In this paper, we report on our XML/RDF-aware WebCorp application, a specialist search tool designed to treat the Web as a large text corpus. We review the current state of annotation in Web resources and report on our attempts to reconcile this with our application development and linguistic research as a whole.
Corpus linguistics; Diachronicity; WebCorp; XML
The availability of certain metatextual information, including dating (for chronology), source language, domain and topic in a standardised format, is essential for much automated linguistic study of Web text. XML, coupled with a standardised RDF labelling scheme, is perfectly suited to meeting these needs, as illustrated in the following sections with reference to the WebCorp tool. WebCorp is a fast, online web-text parsing system with an easy-to-use graphical interface (basic and linguistically advanced versions). A few systems have similar features to WebCorp. KWiCFinder [3] searches the Web for a user-specified term which is returned in XML-formatted context; this tool supports user annotation of the data (and conversion to web-readable HTML) but does not provide further linguistic analysis or evaluation. Other systems consider only a subset of the Web: Glossanet [1,2] conducts overnight searches of downloaded news corpora for contexts around a regular expression, reporting results by e-mail; CorpusWeb [4] allows sites to be downloaded into an off-line corpus for further processing. Solutions achieved by the use of XML and RDF are presented, for chronology in Section 2 and source language in Section 3; they are discussed for domain and topic in Section 4.

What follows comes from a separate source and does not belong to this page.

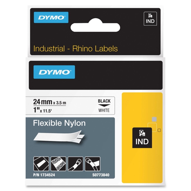 1" flexible nylon label tape is specifically designed for wire and cable marking as well as other curved surfaces. Strong adhesion and flexibility make it ideal for industrial use, even where your label will encounter dirt and oil. 24mm labels are compatible with Dymo Rhino 6500, 6000, 5200.

An awareness is emerging in the linguistic community of the need to account not just for current language use, but also for language change [7,8]. This requires knowledge of the date of authorship of a language sample, to inform linguistic intuition as to whether the object observed represents incipient, current or obsolescent usage; and to trace development.

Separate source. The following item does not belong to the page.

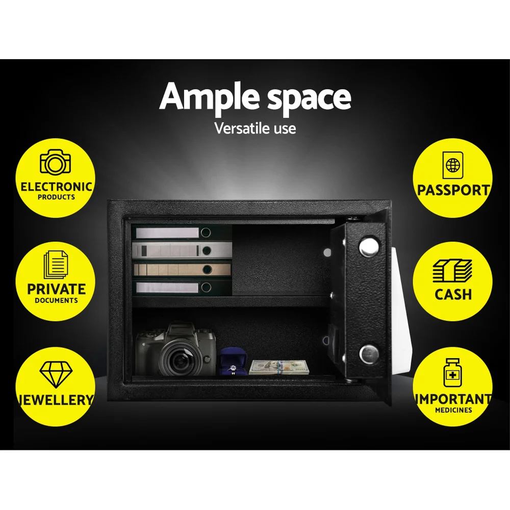 UL-TECH 8.5L Digital Security Safe Box - Steel, 31x20x20cm, Twin-Bolt Lock, Alarm, Wall-Mountable, Black Finish

Our approach to diachronic corpus linguistics has long been to treat the corpus as a flow of chronologically ordered text, monitoring changes and trends, rather than studying discrete synchronic corpora, the usual approach in both historical and modern corpus linguistics. Unfortunately, when using WebCorp, we have encountered and had to accommodate problems relating to the current paucity of Web document dating.
Dates may be extracted from Web pages in one of the following ways:
We have found that a more reliable method is to use XML/RDF, in which the date can be specified in a standardised, machine-understandable form (ISO 8601). This markup is usefully coupled with the Dublin Core Metadata Schema, where the element qualifiers: Created, Valid, Available, Issued and Modified allow the author to specify exactly what the date represents.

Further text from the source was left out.